Task item
What is wanted is every line below from the one with "- DEET FREE" up to and including the one with "聖誕禮盒禮物盒禮品盒堆頭紅色聖誕樹空盒美陳布置擺件裝飾 mkk", retyped exactly, pictures excluded, nothing else.

Task material
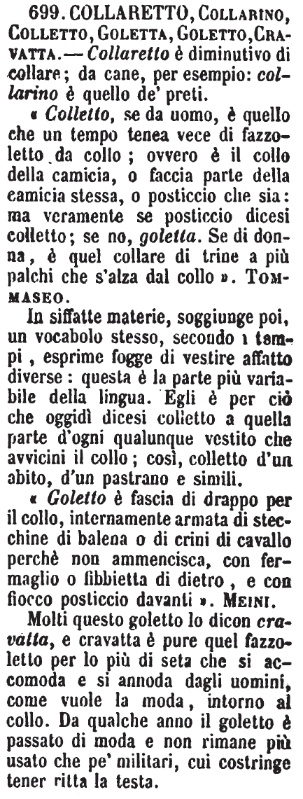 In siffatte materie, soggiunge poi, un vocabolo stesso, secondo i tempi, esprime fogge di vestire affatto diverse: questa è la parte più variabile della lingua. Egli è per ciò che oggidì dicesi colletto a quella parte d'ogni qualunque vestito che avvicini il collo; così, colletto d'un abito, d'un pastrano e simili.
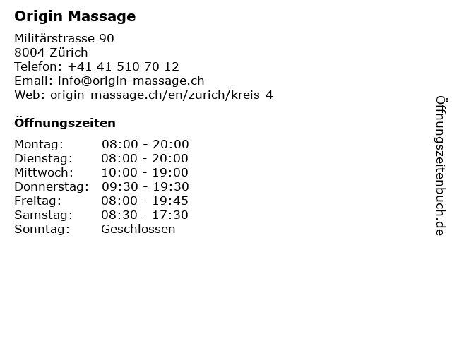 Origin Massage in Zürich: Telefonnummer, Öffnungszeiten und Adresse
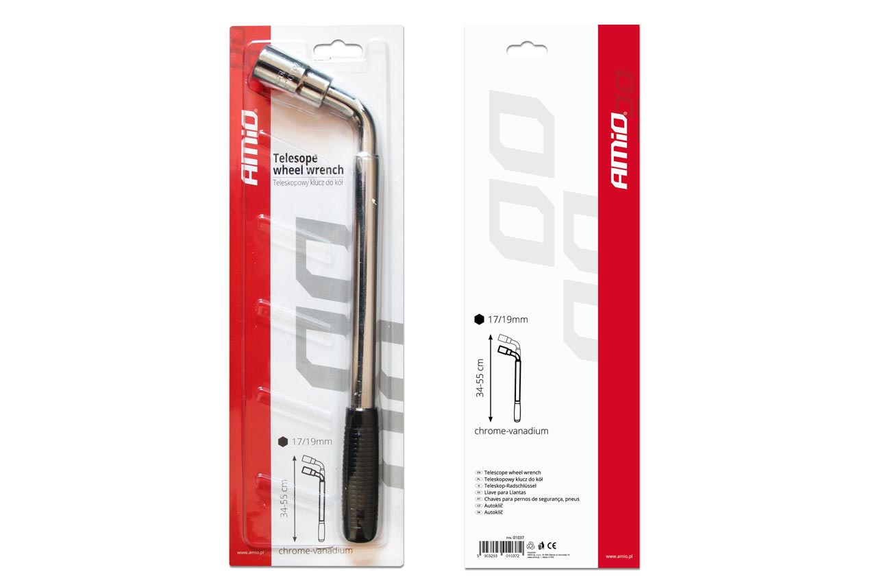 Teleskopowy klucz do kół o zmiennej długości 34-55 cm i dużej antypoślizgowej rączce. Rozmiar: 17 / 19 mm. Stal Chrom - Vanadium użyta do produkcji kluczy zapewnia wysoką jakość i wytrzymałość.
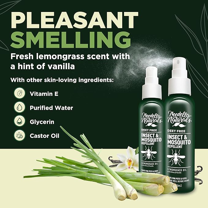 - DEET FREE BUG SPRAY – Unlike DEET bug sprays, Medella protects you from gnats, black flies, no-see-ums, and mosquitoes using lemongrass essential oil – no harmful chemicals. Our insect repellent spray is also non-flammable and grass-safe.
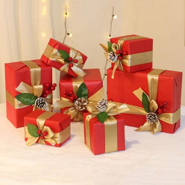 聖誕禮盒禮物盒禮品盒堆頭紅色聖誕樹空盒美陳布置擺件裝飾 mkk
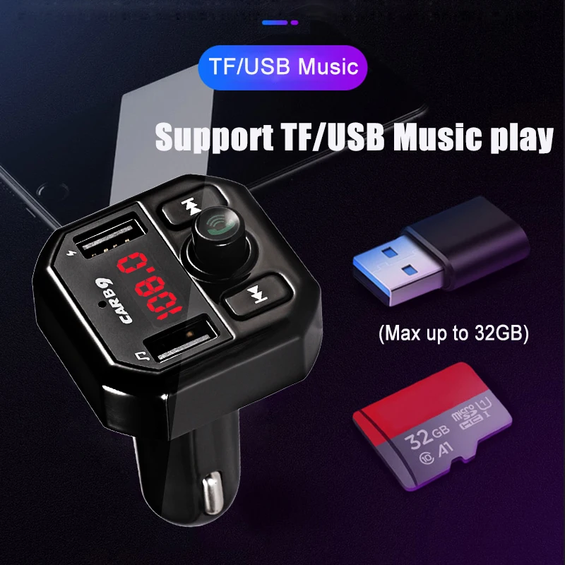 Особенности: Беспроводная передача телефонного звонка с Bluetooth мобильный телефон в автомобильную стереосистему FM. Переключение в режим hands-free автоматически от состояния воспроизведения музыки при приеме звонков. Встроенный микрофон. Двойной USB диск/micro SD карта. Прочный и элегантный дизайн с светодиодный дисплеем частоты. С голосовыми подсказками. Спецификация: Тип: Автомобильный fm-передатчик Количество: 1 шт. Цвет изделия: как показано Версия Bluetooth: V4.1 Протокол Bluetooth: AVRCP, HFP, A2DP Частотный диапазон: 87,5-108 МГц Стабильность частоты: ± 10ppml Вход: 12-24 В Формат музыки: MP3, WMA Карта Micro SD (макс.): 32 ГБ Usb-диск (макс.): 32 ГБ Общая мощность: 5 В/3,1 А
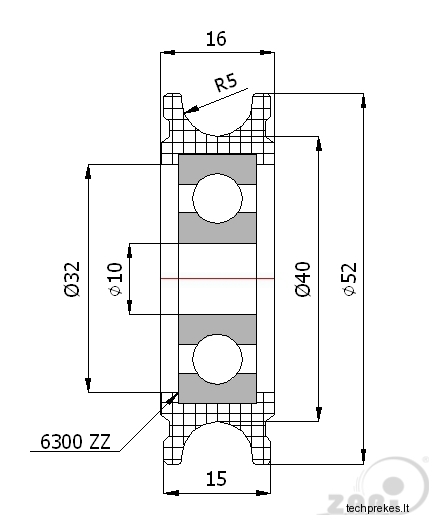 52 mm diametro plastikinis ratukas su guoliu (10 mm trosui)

Answer section
 - DEET FREE BUG SPRAY – Unlike DEET bug sprays, Medella protects you from gnats, black flies, no-see-ums, and mosquitoes using lemongrass essential oil – no harmful chemicals. Our insect repellent spray is also non-flammable and grass-safe.
 聖誕禮盒禮物盒禮品盒堆頭紅色聖誕樹空盒美陳布置擺件裝飾 mkk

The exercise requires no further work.